# PROMPT:
The copy should hold exactly the lines below from the one that contains "防內(nèi)澇,助防汛。針" through the one that contains "отметили в администрации." and nothing else, so no pictures.

# EXTRACTED RECORDS:
------------------------------------------------------------------------
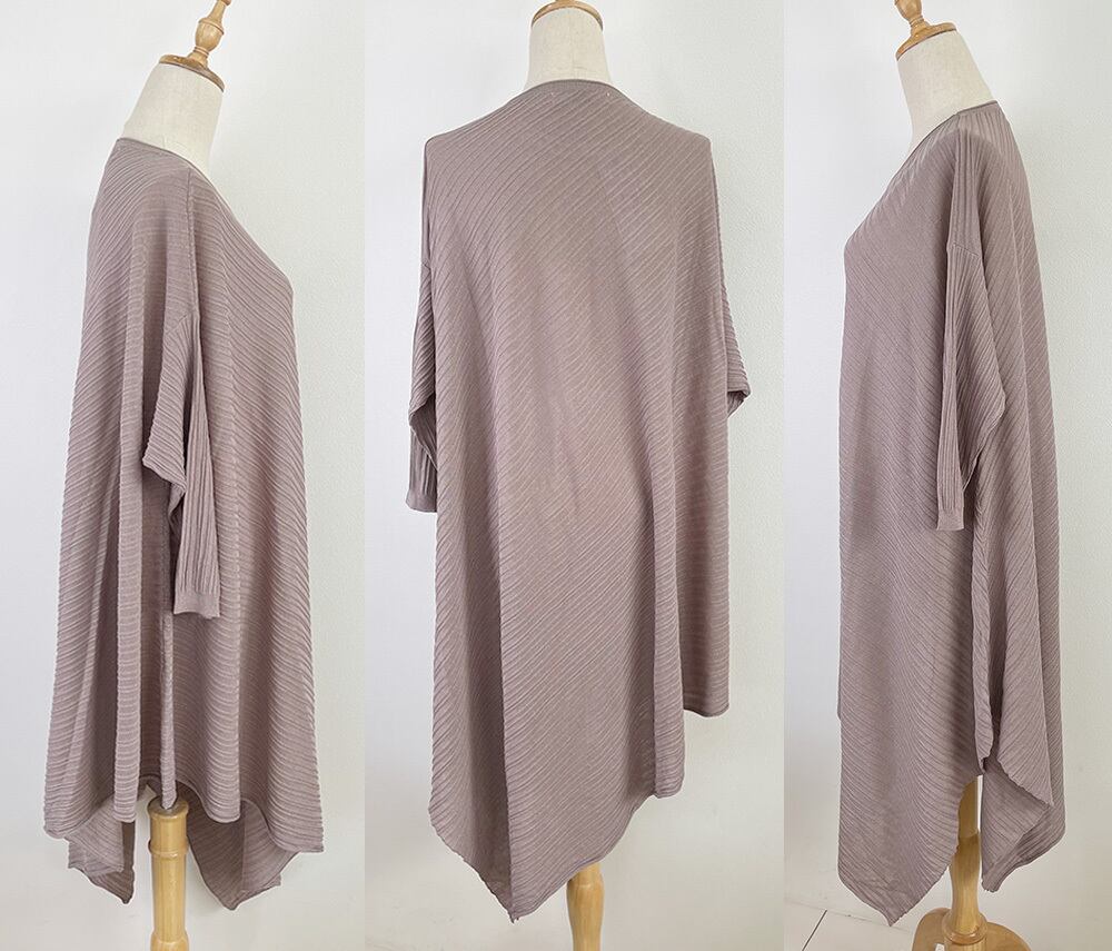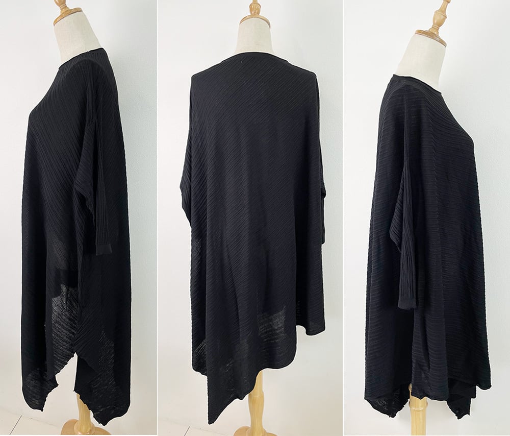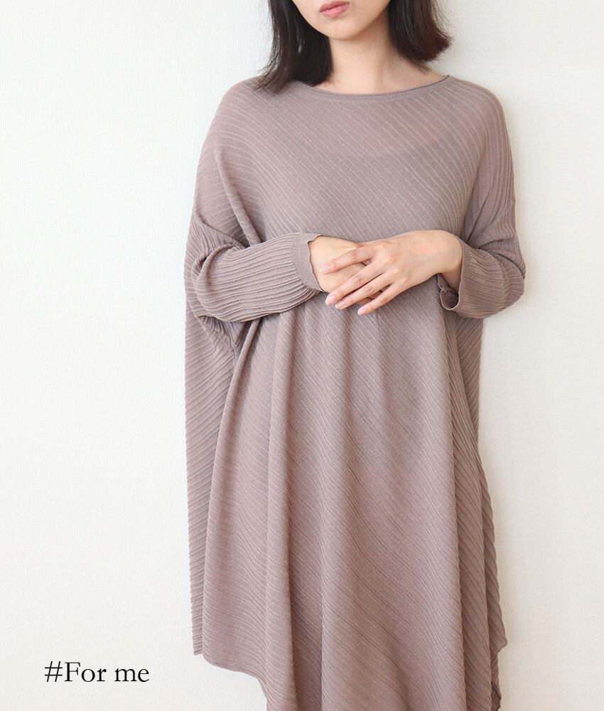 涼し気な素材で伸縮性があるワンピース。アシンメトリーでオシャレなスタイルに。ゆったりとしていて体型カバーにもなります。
------------------------------------------------------------------------
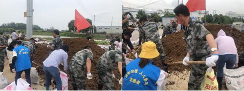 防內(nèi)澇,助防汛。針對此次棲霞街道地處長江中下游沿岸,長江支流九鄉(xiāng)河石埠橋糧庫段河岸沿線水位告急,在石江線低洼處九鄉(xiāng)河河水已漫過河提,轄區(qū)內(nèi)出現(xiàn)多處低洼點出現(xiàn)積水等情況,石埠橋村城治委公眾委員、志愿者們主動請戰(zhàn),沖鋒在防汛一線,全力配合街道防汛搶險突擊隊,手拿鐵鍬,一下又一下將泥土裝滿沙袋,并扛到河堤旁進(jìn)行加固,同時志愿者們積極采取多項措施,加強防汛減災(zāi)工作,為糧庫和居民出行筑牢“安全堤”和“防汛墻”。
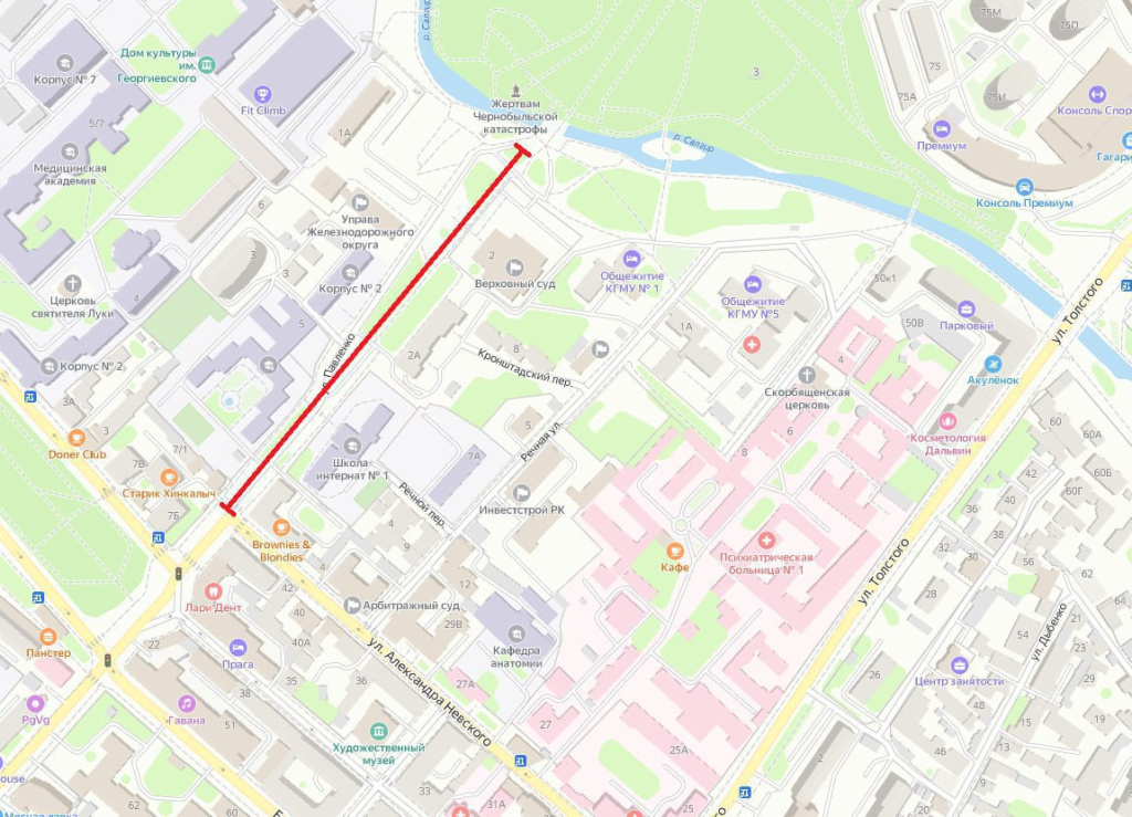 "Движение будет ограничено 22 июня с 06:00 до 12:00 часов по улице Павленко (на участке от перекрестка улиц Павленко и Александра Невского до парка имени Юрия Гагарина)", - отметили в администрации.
------------------------------------------------------------------------
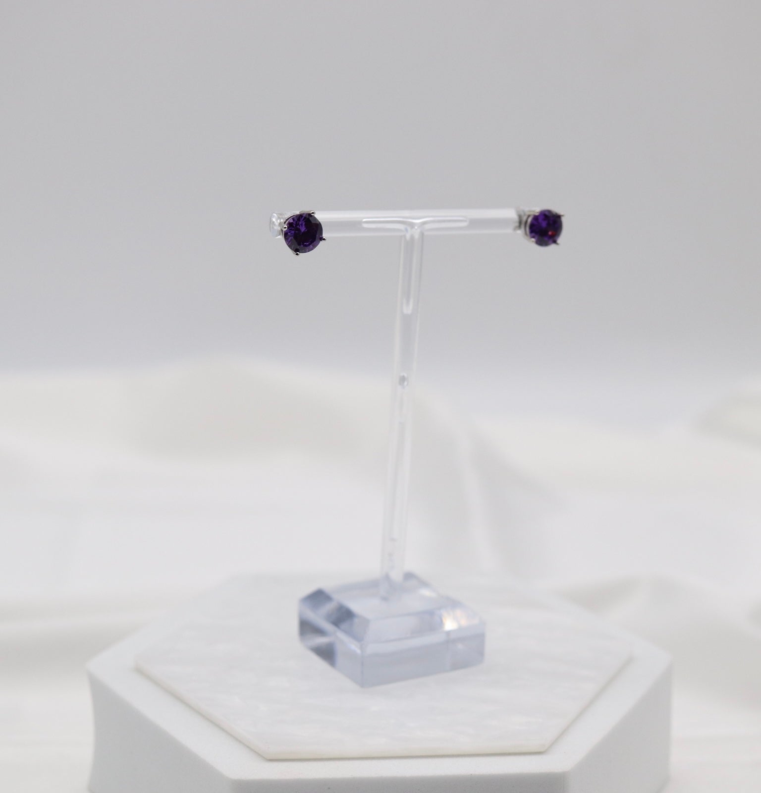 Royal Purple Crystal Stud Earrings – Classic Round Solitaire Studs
------------------------------------------------------------------------
# RESPONSE AREA:
 防內(nèi)澇,助防汛。針對此次棲霞街道地處長江中下游沿岸,長江支流九鄉(xiāng)河石埠橋糧庫段河岸沿線水位告急,在石江線低洼處九鄉(xiāng)河河水已漫過河提,轄區(qū)內(nèi)出現(xiàn)多處低洼點出現(xiàn)積水等情況,石埠橋村城治委公眾委員、志愿者們主動請戰(zhàn),沖鋒在防汛一線,全力配合街道防汛搶險突擊隊,手拿鐵鍬,一下又一下將泥土裝滿沙袋,并扛到河堤旁進(jìn)行加固,同時志愿者們積極采取多項措施,加強防汛減災(zāi)工作,為糧庫和居民出行筑牢“安全堤”和“防汛墻”。
 "Движение будет ограничено 22 июня с 06:00 до 12:00 часов по улице Павленко (на участке от перекрестка улиц Павленко и Александра Невского до парка имени Юрия Гагарина)", - отметили в администрации.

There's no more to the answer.